= James McCray =

American opera singer (died 2018)

James McCray (died January 2018) was an American operatic tenor and voice teacher.

==Life and career==
Born in Ohio, McCray served in the United States Marine Corps during the Korean War before entering the Mannes School of Music in New York City where he was a pupil of Patricia Neway. In 1962, he won the Metropolitan Opera National Council Auditions. In spring 1965, he was active with the Concert Opera Association at Philharmonic Hall in NYC, singing Chekalinsky in The Queen of Spades and Francesco in the United States premiere of Hector Berlioz's Benvenuto Cellini. The following summer he appeared at the Stratford Festival of Canada as Jimmy Mahoney in Kurt Weill's Rise and Fall of the City of Mahagonny.

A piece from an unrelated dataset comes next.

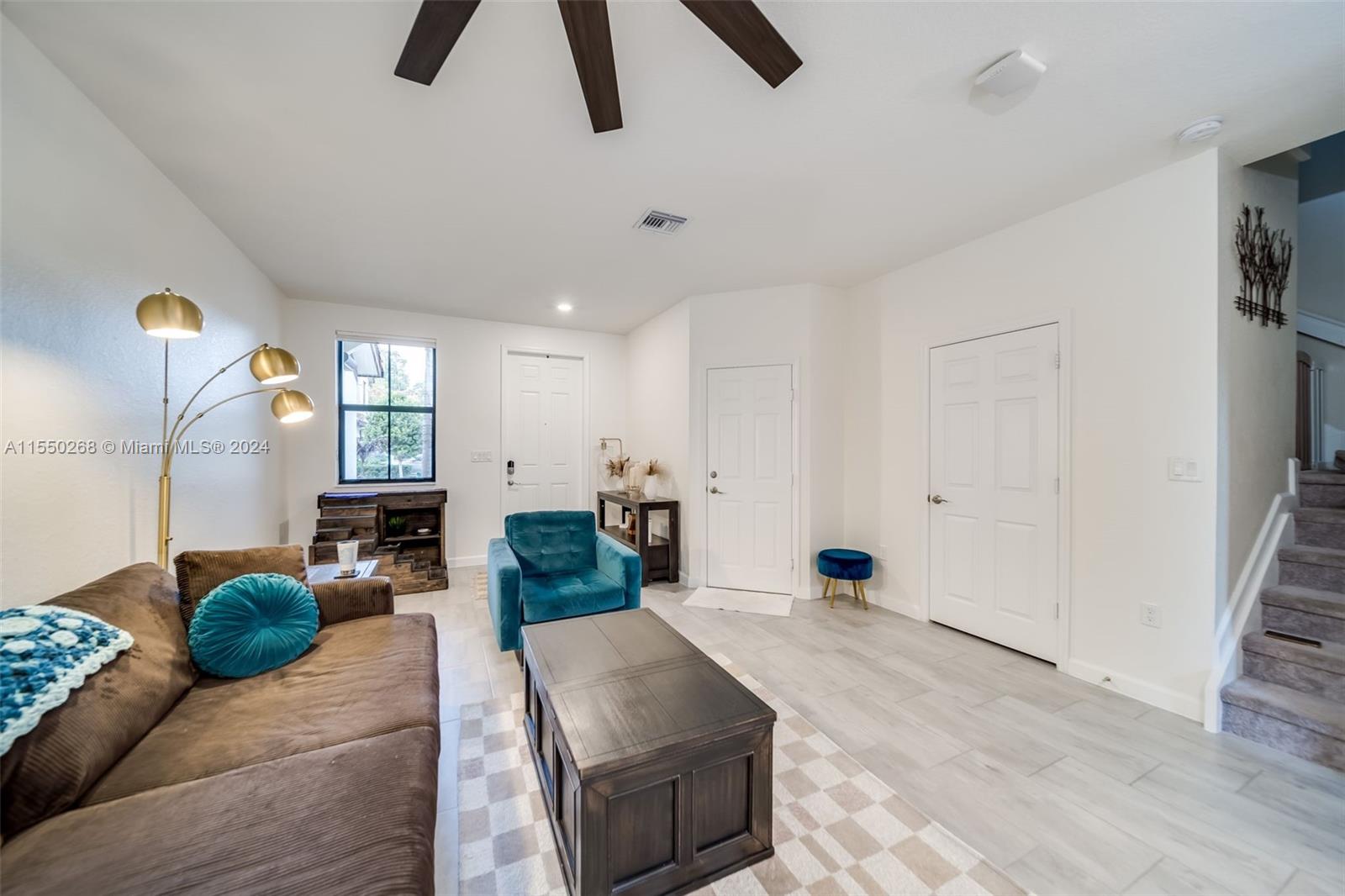 Centrally located townhome in the exclusive gated community of Magnolia Trails. Townhome features 3 bed/2.5 bath with a 1 car garage, 2 car driveway. This beautiful move-in ready smart home features upgraded tiles on the 1st floor, brick feature wall, freshly painted living area, quartz counter tops/ backsplash, epoxy garage floor, tankless water heater, extended patio with artificial turf & privacy fence, full hurricane protection (accordion shutters). Upstairs find a split floor plan with elegant master suite with custom closets. Community offers access controlled entry, community pool, lush landscaping, and guest parking. Excellent location near the Turnpike, Colleges and Universities, Hard Rock Hotel & Casino, shopping, restaurants and more. This townhome is move in ready!!

From 1965 to 1968, McRay was active with the Israel National Opera; performing such roles as Canio in Pagliacci, Cavaradossi in Tosca, Don Jose in Carmen, Manrico in Il trovatore, Riccardo in Un ballo in maschera, and Samson in Samson et Dalila. In 1969, he made his debut at the New York City Opera as Vladimir Igorevich in Alexander Borodin's Prince Igor. The following year he sang the role of Count Loris Ipanov in Victorien Sardou's Fedora with the Opera Orchestra of New York, conductor Eve Queler, and soprano Judith de Paul in the title role. In 1971, he portrayed the role of Dick Johnson in La fanciulla del West at the Minnesota Opera. That same year he performed the role of Manrico with Irene Dalis and Betty Allen alternating in the role of Azucena for the San Francisco Opera. In 1972, he created the role of Ken in the world premiere of Harold Farberman's The Losers which was commissioned by the Juilliard School.

From 1974 to 1976, McCray performed annually with the Greater Miami Opera Association, portraying roles in productions of Robert Ward's The Crucible, Richard Wagner's The Flying Dutchman, and Giuseppe Verdi's Otello under conductor Emerson Buckley. In 1977 he had a particular triumph at the Seattle Opera as Siegfried in Wagner's The Ring Cycle.

After retiring from singing, McCray lived and taught in The Hague, Netherlands at the McCray International Studio for Vocal Arts. He died in January 2018.